Clashes over Internet rules to mark Dubai meeting
The U.N.'s top telecommunications overseer sought Monday to quell worries about greater Internet controls emerging from global talks in Dubai, but any attempts for major Web regulations will likely face stiff opposition from groups led by a high-powered U.S. delegation.
The 11-day conference, seeking to update codes last reviewed when the Web was virtually unknown, highlights the fundamental shift from tightly managed telecommunications networks to the borderless sweep of the Internet.
Some at the Dubai conference, including a 123-member U.S. delegation with envoys from tech giants such as Google Inc. and Microsoft Corp., worry that any new U.N. oversight could be used by nations such as China and Russia to justify further tightening of Web blocks and monitoring.
"Love the free and open Internet? Tell the world's governments to keep it that way," said a message on the main search page of Google.com with a link for comments directed to the Dubai conference, which opened Monday.
The agenda for the gathering of more than 1,900 participants from 193 nations covers possible new rules for a broad range of services such as the Internet, mobile roaming fees and satellite and fixed-line communications. Questions include how much sway the U.N. can exert over efforts such as battling cyber-crimes and expanding the Internet into developing nations.
The secretary-general of the U.N. International Telecommunications Union, Hamadoun Toure, said that accusations that the meeting could limit Web freedoms are "completely untrue" and predicted only "light-touch" regulations.
"Many countries will come to reaffirm their desire to see freedom of expression embedded in this conference," he told reporters.
But the head of the American contingent, Ambassador Terry Kramer, said the U.S. would propose taking all Internet-related discussions off the table and concentrating on already regulated services such as phone networks.
"What we don't want to do is bring in all the private networks, the Internet networks, the government networks, etc.," he told The Associated Press. "That opens the door to censorship."
The outcome of the Dubai gathering is far from certain.
More than 900 proposed regulatory changes have been proposed, but details have not been made public. Broad consensus is needed to adopt any items—the first major review of the U.N.'s telecommunications protocols since 1988, well before the Internet age.
The gathering is also powerless to force nations to change their Internet policies, such as China's notorious "Great Firewall" and widespread blackouts of political opposition sites in places including Iran and the Gulf Arab states.

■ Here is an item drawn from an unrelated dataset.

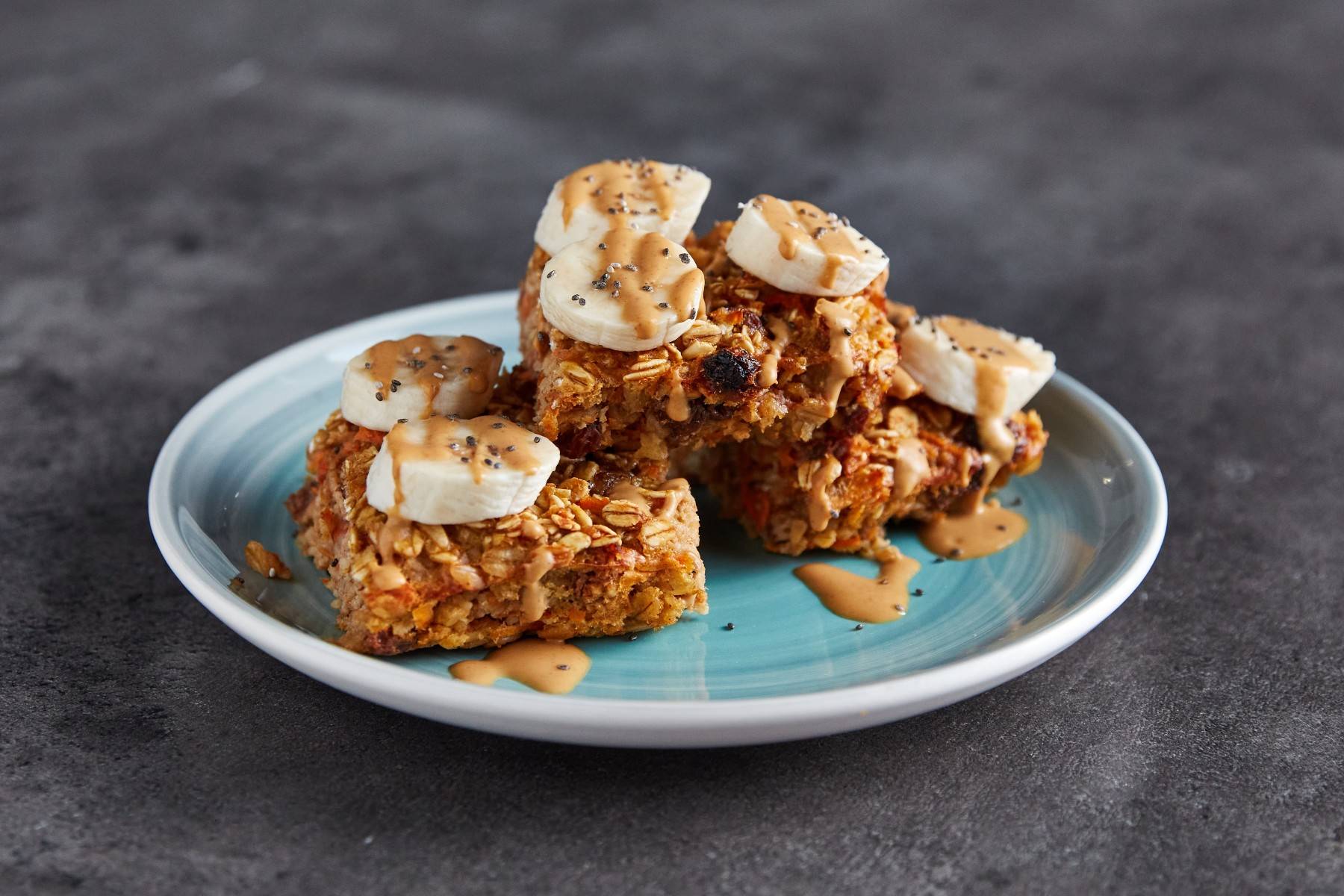 Nach dem Backen vorsichtig aus der Backform nehmen und einige Minuten abkühlen lassen, bevor sie in 9 gleichmäßige Quadrate geschnitten werden. In wiederverwendbaren Zip-Lock-Beuteln im Kühlschrank aufbewahren, um später in der Woche ein einfaches Frühstück zum Mitnehmen zu haben.

Last week, Syria's Internet and telephone services disappeared for two days during some of the worst fighting in months to hit the capital, Damascus.

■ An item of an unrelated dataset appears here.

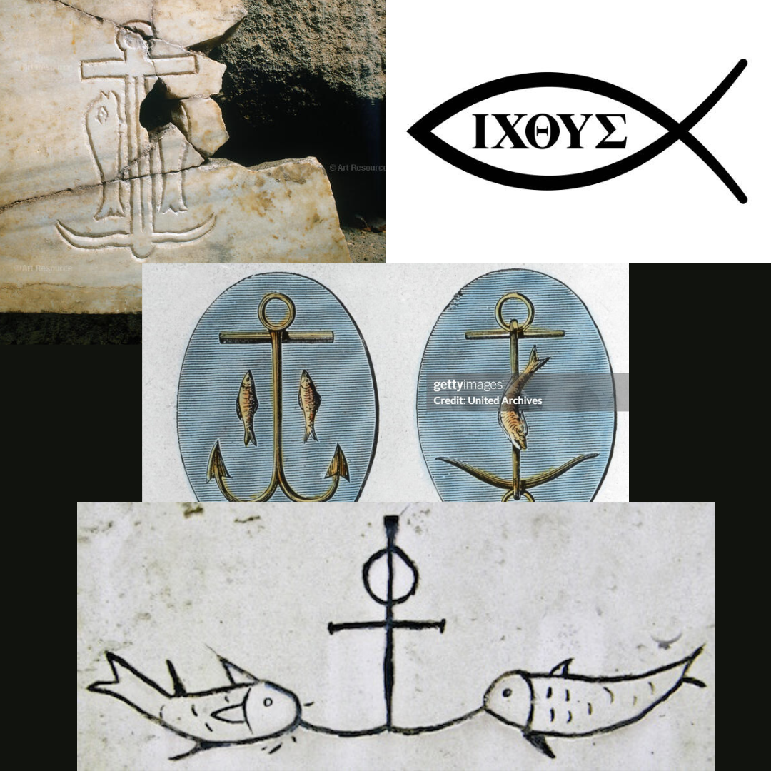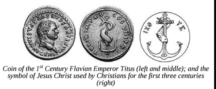 One of the early symbology used by the Yehuborim forces in ritualizing warfare against the Potential people of the Gods and assimilating this into their creation of Christianity has been known as the Fish and Anchor. This symbology further as Dolphin, Fish, Human and Anchor in different permutations has been internalized by the Yehuborim movement as a new identity and direct basis for propaganda, forming later into the "Avatar of Age of Pisces" concept that Christianity used directly for propaganda and ideology. The cross came much later and the early Christians were the product of Yehuborim continuous effort of hybridization and identity forming, of course, not based on any actual "messianic" or biblical event occurring, being fictious.

Kramer told reporters last week in Washington that all efforts should be made to avoid a "Balkanization" of the Internet in which each country would impose its own rules and standards that could disrupt the flow of commerce and information.

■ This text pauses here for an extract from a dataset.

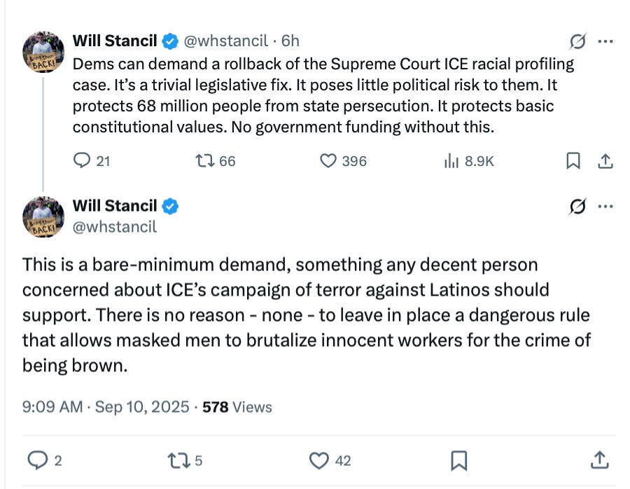 Basically, I was arguing for a harm-reduction shutdown. In a world where members and the base are champing at the bit for a fight, it’s best to pick a fight that you have some vague chance of winning and where, even if you lose, getting the issue in the headlines has upside. The risk is that if everyone who sympathizes with Glassman’s points takes his position, the baton passes to guys like Will Stancil, who want Democrats to pick obviously unwinnable fights that do nothing to help in any of the key Senate battlegrounds.

"That opens the door ... to content censorship," he said.
The International Trade Union Confederation, representing labor groups in more than 150 countries, claimed a bloc that includes China, Russia and several Middle East nations seeks to "pave the way for future restrictions on both Internet content or its users."
"It is clear that some governments have an interest in changing the rules and regulations of the Internet," the confederation said in statement Monday.
Another battle that will likely take place in Dubai is over European-backed suggestions to change the pay structure of the Web to force content providers—such as Google, Facebook Inc. and others—to kick in an extra fee to reach users across borders.
"Potentially, the content developers—they could be Googles, they could be universities—would end up being charged potentially to have traffic sent abroad," said Kramer in Dubai. "Either way, you slow down Internet traffic and you actually exacerbate the digital divide, the income divide, because you have a lot of people who are accessing things for free."
Advocates of the changes say the money raised could pay to expand broadband infrastructures in developing countries.
Toure said he hoped for a "landmark" accord on trying to bring broadband Internet to developing countries. "The Internet remains out of reach for two-thirds of world's people," said Toure, who is from Mali.
The U.N. telecommunications agency dates back to 1865, when the telegraph revolutionized the speed of information. Over the decades, it has expanded to include telephone, satellite and other advances in communications.